Here’s the thing. If he was not the kind of person that thought that way would you love him as much?
My husband is not in any kind of life saving career. But I know that if tragedy was to struck he would make sure that our family is safe. Then he would go back out to help others before helping himself. That’s just how he is. And I agree, I would want him with ME, safe, rather than out there in danger helping others.

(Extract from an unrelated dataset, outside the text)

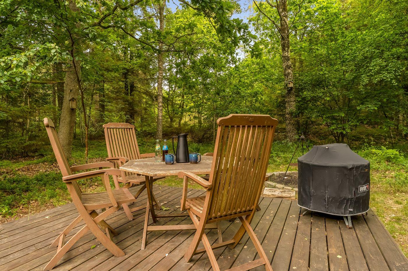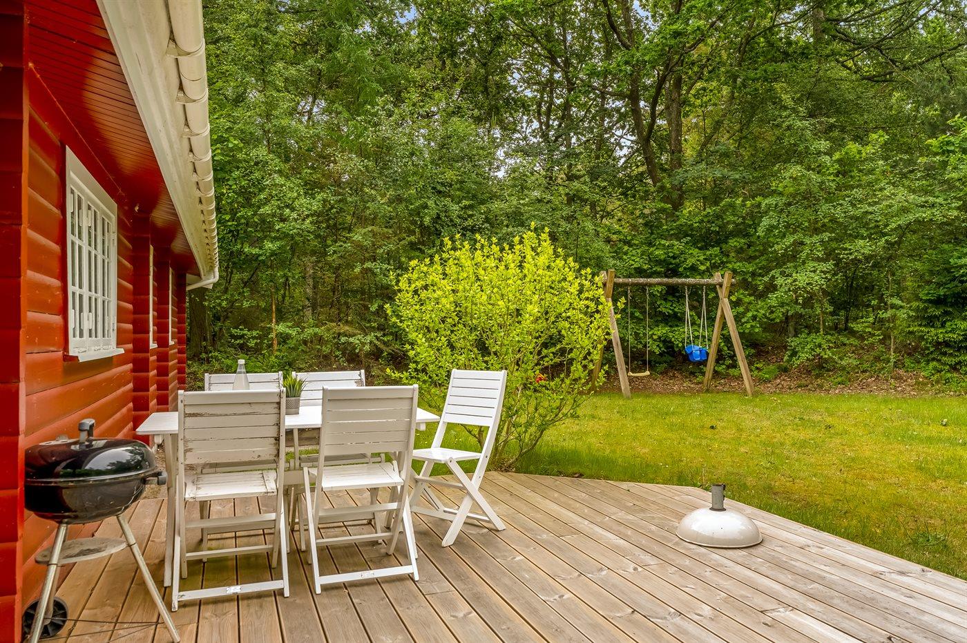 De vakantiewoning is gelegen op een 5020 m² groot aangelegde tuin. Afstand tot de zee 1580 m. Dichtstbijzijnde winkel 4500 m. Bij de vakantiewoning hoort terras. Daarnaast is er een overdekt terras. Schommel. Zandbak.Vuurplaats. Barbecue. Parkeerplaats bij het huis.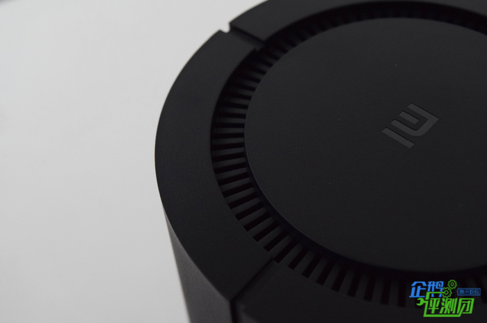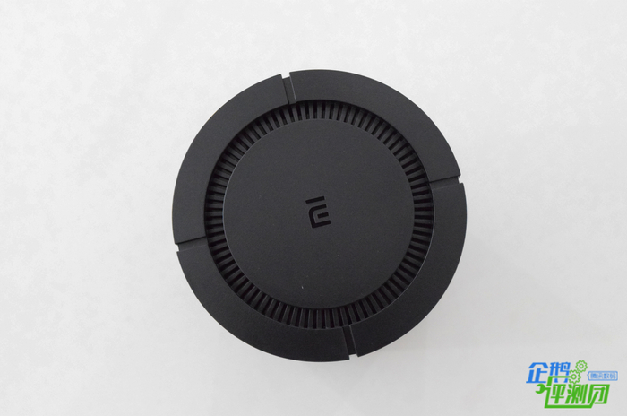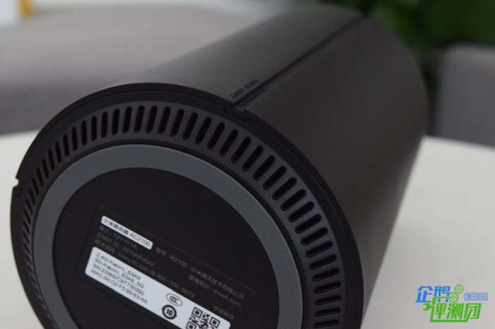 看完正面,我们再来看看设备的顶部和底部设计,毕竟这样的圆柱体设计顶部和底部都是最为重要的地方。小米路由器AC2100机身顶部配有一圈环形散热孔,中间区域则印有小米的logo;底部也有一圈散热孔,设备型号等标识被贴在底部中间区域,从这样的设计不难看出小米为了降温也是下了大功夫的。

But if he was the selfish type to think that way he would not be the man I love.
Post # 9
@regberadaisy: Thanks for saying that…I was beginning to think I was just a bitch. Like I said, I respect and love that he wants to and CAN help others–don’t get me wrong–but I would be lying if I said I didn’t feel how you felt…that I knew he’d ensure his own saftey/our saftey before helping others. Thing is, if it were he and I in a scenario, I know without a shadow of a doubt that he’d put us and me out of harms way before doing ANYTHING else…it’s just when I’m out of the picutre/not there, he doesn’t always think “I should make sure I’m okay so I actually can help others”…not to mention return home to me in one piece. Does that make sense?